DATASET ENTRIES —
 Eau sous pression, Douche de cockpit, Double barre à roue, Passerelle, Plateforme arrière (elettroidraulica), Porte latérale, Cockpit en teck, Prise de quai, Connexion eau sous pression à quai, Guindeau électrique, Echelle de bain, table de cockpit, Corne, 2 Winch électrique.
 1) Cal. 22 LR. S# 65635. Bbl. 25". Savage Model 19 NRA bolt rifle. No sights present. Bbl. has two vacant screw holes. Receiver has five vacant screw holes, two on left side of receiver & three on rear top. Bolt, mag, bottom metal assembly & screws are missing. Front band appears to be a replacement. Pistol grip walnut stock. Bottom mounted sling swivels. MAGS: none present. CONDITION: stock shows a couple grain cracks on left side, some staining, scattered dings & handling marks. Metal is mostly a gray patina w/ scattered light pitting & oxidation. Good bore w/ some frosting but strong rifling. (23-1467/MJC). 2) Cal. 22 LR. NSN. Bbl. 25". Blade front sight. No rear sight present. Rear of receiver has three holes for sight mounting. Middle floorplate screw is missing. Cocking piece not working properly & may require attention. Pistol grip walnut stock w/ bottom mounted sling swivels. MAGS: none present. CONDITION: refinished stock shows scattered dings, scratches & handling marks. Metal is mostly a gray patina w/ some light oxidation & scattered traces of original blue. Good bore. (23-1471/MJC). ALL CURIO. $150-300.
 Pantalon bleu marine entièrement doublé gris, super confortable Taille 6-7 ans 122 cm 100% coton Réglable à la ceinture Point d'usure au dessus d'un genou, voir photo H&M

---

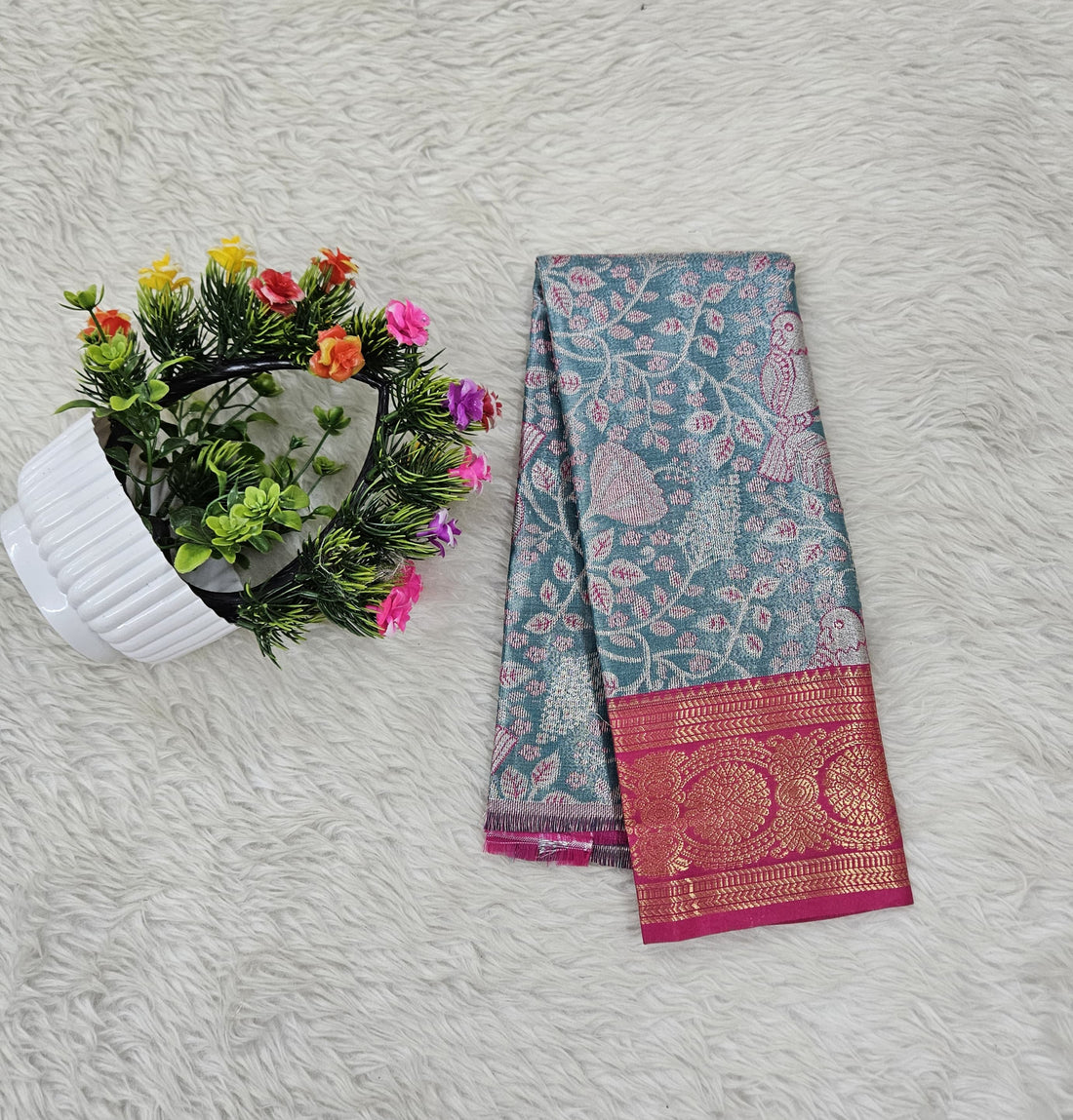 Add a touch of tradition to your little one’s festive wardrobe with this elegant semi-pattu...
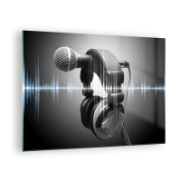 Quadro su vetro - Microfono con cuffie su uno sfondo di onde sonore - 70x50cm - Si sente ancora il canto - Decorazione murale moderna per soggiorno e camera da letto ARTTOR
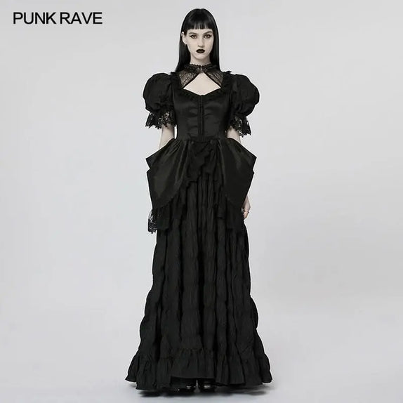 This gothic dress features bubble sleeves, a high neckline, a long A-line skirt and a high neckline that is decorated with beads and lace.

...

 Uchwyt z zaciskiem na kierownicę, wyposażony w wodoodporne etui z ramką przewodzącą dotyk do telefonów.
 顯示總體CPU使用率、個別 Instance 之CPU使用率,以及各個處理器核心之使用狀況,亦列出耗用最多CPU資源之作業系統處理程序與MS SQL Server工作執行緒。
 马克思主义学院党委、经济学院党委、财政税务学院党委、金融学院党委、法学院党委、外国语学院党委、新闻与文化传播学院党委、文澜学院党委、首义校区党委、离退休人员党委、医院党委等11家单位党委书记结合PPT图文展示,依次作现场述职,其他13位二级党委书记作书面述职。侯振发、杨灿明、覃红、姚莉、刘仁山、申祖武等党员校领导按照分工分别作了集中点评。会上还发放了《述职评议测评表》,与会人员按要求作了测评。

ASSIGNMENT — Given the records above, restate word for word only the lines starting at the one with "之CPU使用率,以及各個處理器核心之使用狀況,亦列出耗用最多CPU資源之作業系統處理程序與MS SQL Server工作執行緒。" and ending at the one with "马克思主义学院党委、经济学院".

RESPONSE TO THE EXERCISE —
 顯示總體CPU使用率、個別 Instance 之CPU使用率,以及各個處理器核心之使用狀況,亦列出耗用最多CPU資源之作業系統處理程序與MS SQL Server工作執行緒。
 马克思主义学院党委、经济学院党委、财政税务学院党委、金融学院党委、法学院党委、外国语学院党委、新闻与文化传播学院党委、文澜学院党委、首义校区党委、离退休人员党委、医院党委等11家单位党委书记结合PPT图文展示,依次作现场述职,其他13位二级党委书记作书面述职。侯振发、杨灿明、覃红、姚莉、刘仁山、申祖武等党员校领导按照分工分别作了集中点评。会上还发放了《述职评议测评表》,与会人员按要求作了测评。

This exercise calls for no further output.